(Entries taken from a collection)

*** Begin section ***

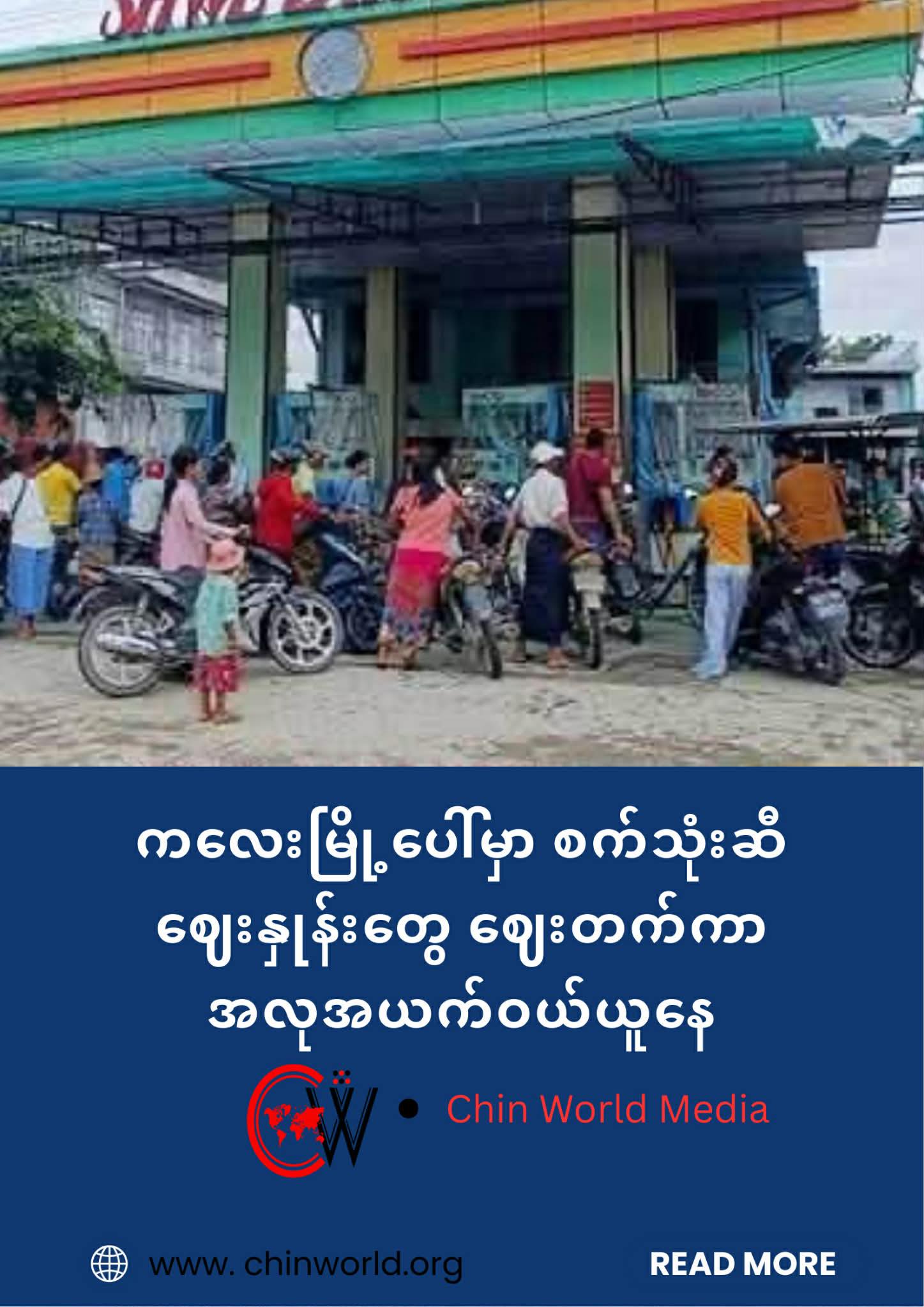 ကလေးမြို့ အရင် (BOC) မြမြတ်တ္တာမွန်ဆိုင် မှာ ဒေသခံ အမြောက်အများ လောင်စာဆီ ဓာတ်ဆီရရှိဖို့ တန်းစီကာ အလုယက်ဝယ်ယူနေကြပြီး စက်သုံးဆီ တဂါလံကို ၂၉၀၀၀ အထိ ဈေးပေါက်နေတယ်လို့လည်း ဒေသခံတွေဆီကနေ သိရပါတယ်။
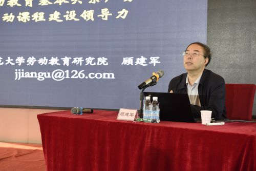 開幕式結(jié)束后,教育部《義務(wù)教育勞動課程標(biāo)準(zhǔn)》研制組組長、教育部長江學(xué)者獎(jiǎng)勵(lì)計(jì)劃特聘教授、南京師范大學(xué)教育科學(xué)學(xué)院院長顧建軍教授做了題為《聚焦勞動育人,建設(shè)勞動課程》的專題報(bào)告。
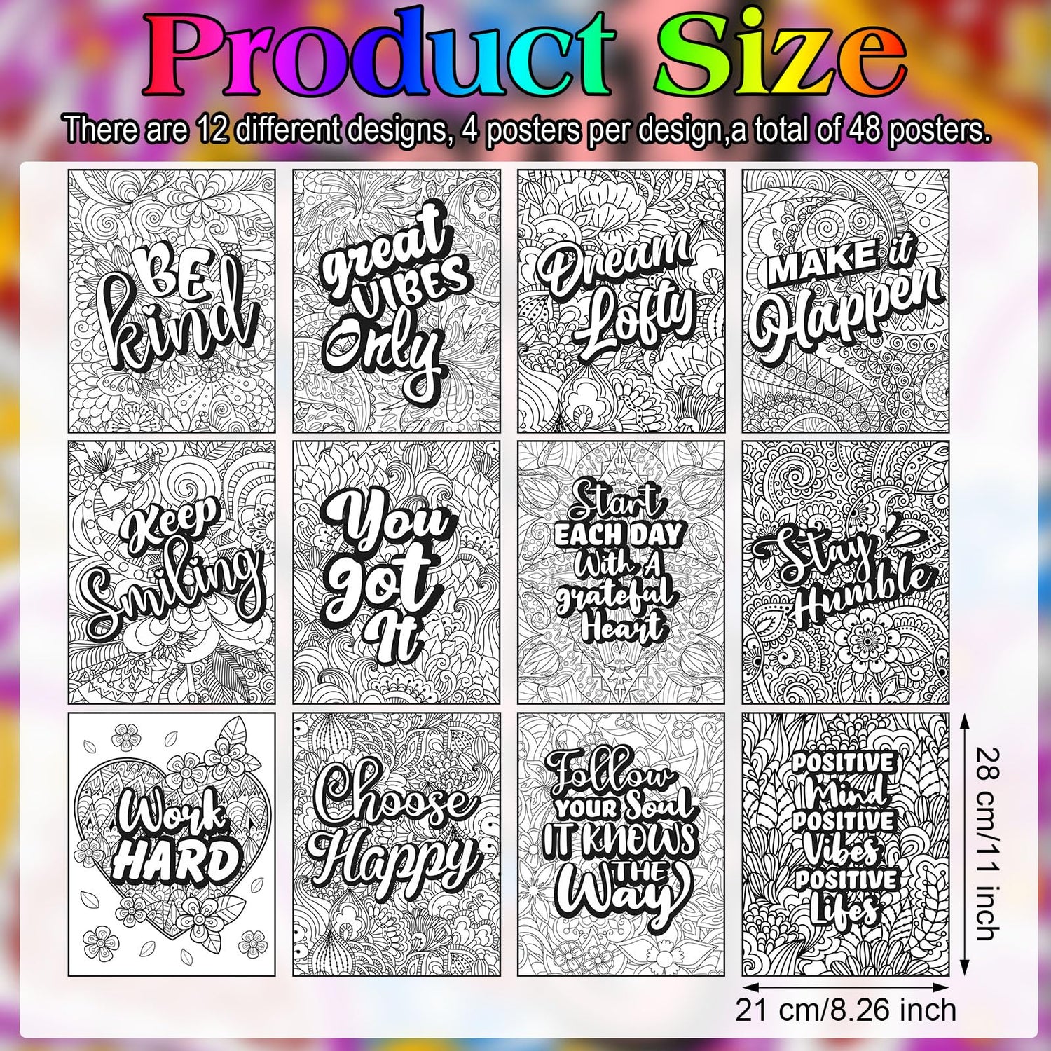 - Package Content: you will get 48 mandala inspirational coloring posters with 12 different design patterns, 4 sheets for each style, sufficient quantity and rich styles can meet your painting and decoration needs; Each poster size is 11 x 8.26 inches/ 28 x 21 cm, large enough to attract attention
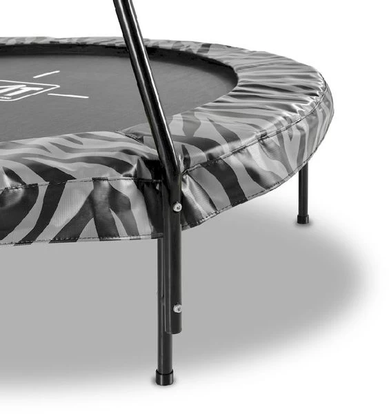 De EXIT Tiggy junior trampoline 140 cm is een mini trampoline voor kinderen van drie tot vijf jaar. Deze compacte ronde trampoline is voorzien van een beugel voor extra houvast tijdens het springen en heeft een lage opstap, zodat peuters en kleuters makkelijk op de trampoline kunnen klimmen. Uniek aan de trampoline is de zwartgrijze beschermrand met stoere tijgerprint. Op de Tiggy junior trampoline van EXIT Toys beleven de allerkleinsten groots springplezier.
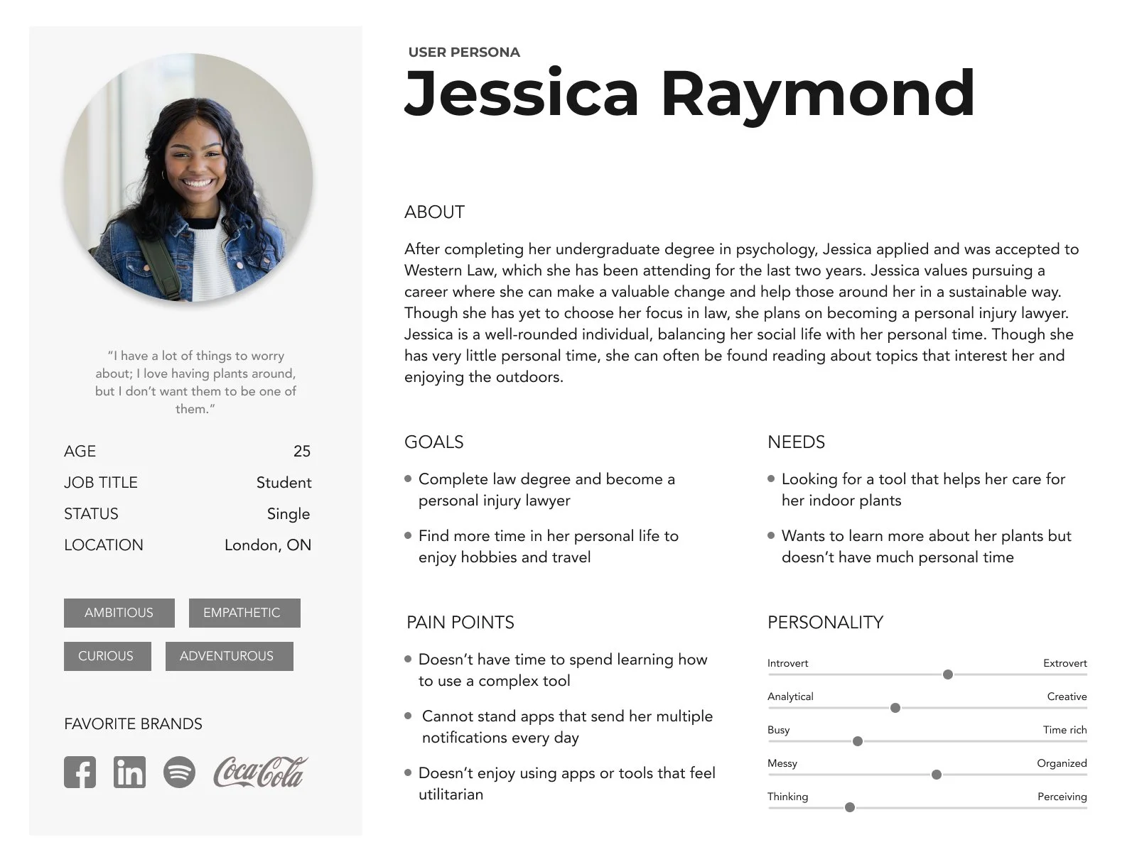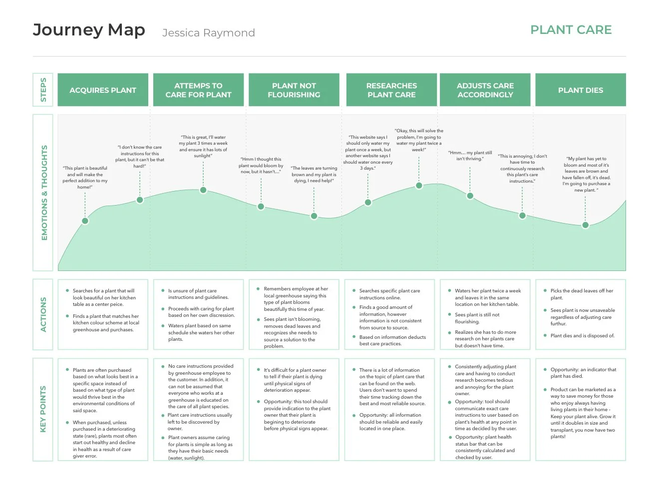Keeping Jessica in mind, we mapped her behavioural flow from purchasing a plant to caring for it and finally disposing of it. Understanding her decision-making flow within the plant-care experience allowed for more thorough brainstorming of the features and functionality required for Jessica to navigate the app and utilize the product successfully.

*** End section ***

▶ ACTIVITY
Your task is to repeat exactly the lines from the beginning of the data to the line that contains "- Package Content: you", both ends included, leaving out pictures.

▶ ANSWER FOR THE TASK
 ကလေးမြို့ အရင် (BOC) မြမြတ်တ္တာမွန်ဆိုင် မှာ ဒေသခံ အမြောက်အများ လောင်စာဆီ ဓာတ်ဆီရရှိဖို့ တန်းစီကာ အလုယက်ဝယ်ယူနေကြပြီး စက်သုံးဆီ တဂါလံကို ၂၉၀၀၀ အထိ ဈေးပေါက်နေတယ်လို့လည်း ဒေသခံတွေဆီကနေ သိရပါတယ်။
 開幕式結(jié)束后,教育部《義務(wù)教育勞動課程標(biāo)準(zhǔn)》研制組組長、教育部長江學(xué)者獎(jiǎng)勵(lì)計(jì)劃特聘教授、南京師范大學(xué)教育科學(xué)學(xué)院院長顧建軍教授做了題為《聚焦勞動育人,建設(shè)勞動課程》的專題報(bào)告。
 - Package Content: you will get 48 mandala inspirational coloring posters with 12 different design patterns, 4 sheets for each style, sufficient quantity and rich styles can meet your painting and decoration needs; Each poster size is 11 x 8.26 inches/ 28 x 21 cm, large enough to attract attention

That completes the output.